Last year A was stillborn in mid-October so we’ve already survived all the “first” holidays. Despite having those initial holidays and an entire year under my belt, I am still torn up over the holidays this year. American Thanksgiving was recently and the Christmas onslaught has already begun. Last year A would have been a mushy blob of an infant – approximately 1-month old for Thanksgiving and 2-months old for Christmas. Significant for it being his first and for it being our first as a family. Honestly, I don’t think the kid would have cared one way or other what we did or who was present.

But this year, this year he’d be 13- and 14-months old. We’d be lugging his highchair to various Thanksgiving feasts where he’d practice feeding himself and be intrigued by the texture of the mashed potatoes squishing through his fingers. I’d make E pose for a family photo with all three of us dressed nicely, knowing that A would soon be covered in squash and such. Instead of being the lump of a baby who gets passed around all night, he’d be fidgety and want to get down and play, walk and explore; trying to catch my aunt’s cat. The only baby at the gathering and delighting in all the attention.

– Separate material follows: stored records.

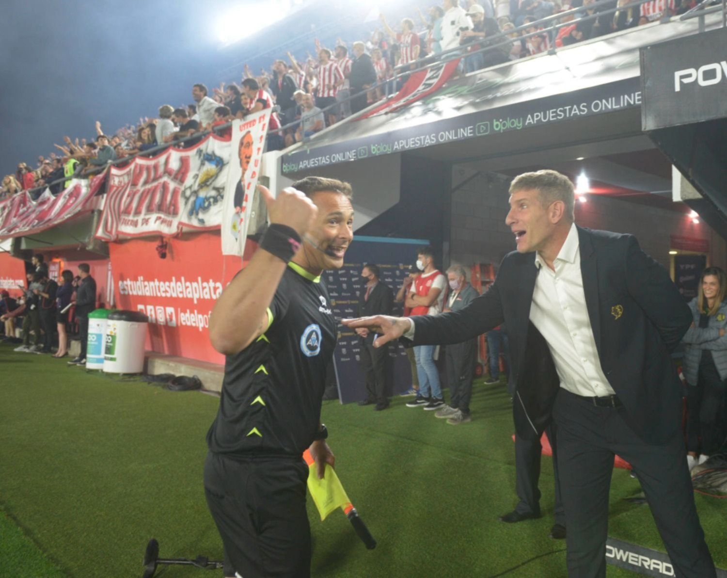 Palermo compró en su momento un palco en el nuevo estadio y será la cuarta vez que dirija ante Estudiantes, con dos triunfos, un empate y una derrota. La primera vez fue en el Estadio Ciudad de La Plata en el Torneo Final 2013 y fue empate en cero entre el "Pincha" y Godoy Cruz. Luego fue un triunfo en Mendoza y dos veces en Sarandí con una victoria y una derrota. Durante la ceremonia el vicepresidente de la institución Juan Sebastián Verón, le entregó una camiseta con su nombre.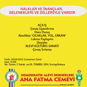 DAD Ana Fatma Cemevi, “Haklar ve inançlar, gelenekleri ve dilleriyle vardır” çağrısı ile Ankara’daki yurttaşları, 30 Nisan Cumartesi saat 13:00’te yapılacak muhabbete davet etti.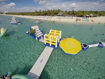 Private Beach, a secluded and beautiful spot exclusive for you an your party. Enjoy a delicious Angus cheese burger, a floating water park, kayaks and stand up paddle boards, surrounded by coconut trees and unlimited margaritas, ice-cold beers, sodas and purified water.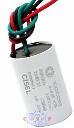 Capacitor para Ventilador 4uF x 6uF 250 VAC 50/60 HZ 3 Fios |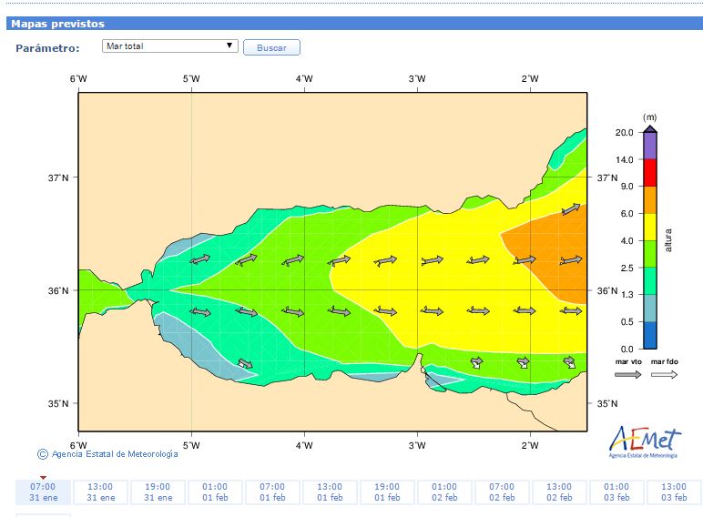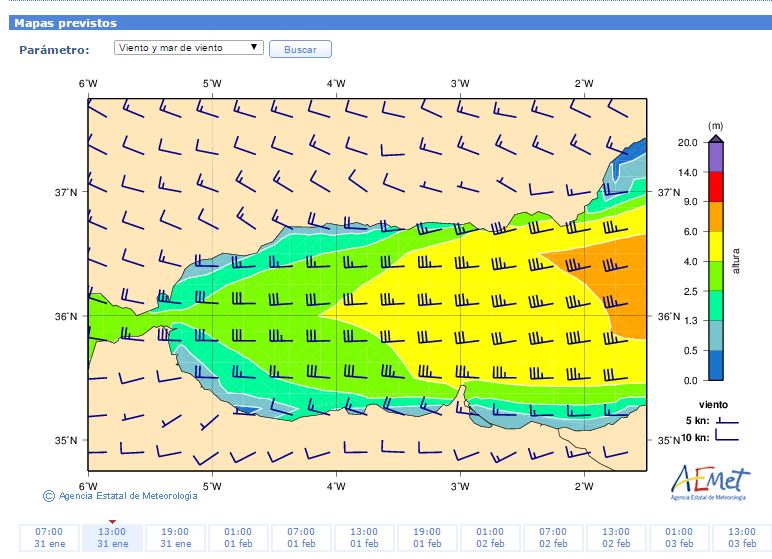 Aunque sea muy repetitivo, os vuevo a comentar que si tenéis que salir a faenar o navegar por el Mar de Alborán y Costas de Almería procuréis extremar la precaución. En estas zonas se esperan hoy olas de 6 a 8 metros.

Christmas I surely would have bought him more than he needed. Christmas morning I’d try to coax him into opening presents but his sweet 14-month-old mind doesn’t understand the concept and he’s more interested in the flashing lights on the tree, goofing with his Daddy and playing with the colorful discarded wrapping paper. Regardless, E would have the video camera rolling the entire time as we enjoyed a leisurely morning in our PJs. Then off to two separate family get togethers. We’d dress A in some ridiculous toddler-sized sweater vest and corduroys. Again A would be oblivious to the concept of Christmas but would revel in the big group of loving family members gathered and adoring him. My mother and aunts would try to wrestle him into sitting still for photos and try to cajole him into opening presents but he’s far more interested in playing with my cousin’s 3- and 5-year-old even if they dress him up like a princess.

The last quarter of the year has thus far been very intense. It begins with the changing of the seasons, then A’s birthday in October, next Halloween and just as I’m getting back on my feet, Thanksgiving is here and Christmas is around the corner. I feel like I’m waist-deep in the ocean getting knocked down by the powerful waves. Each time I resurface to gasp for air another wave is right on top of me pummeling me downward.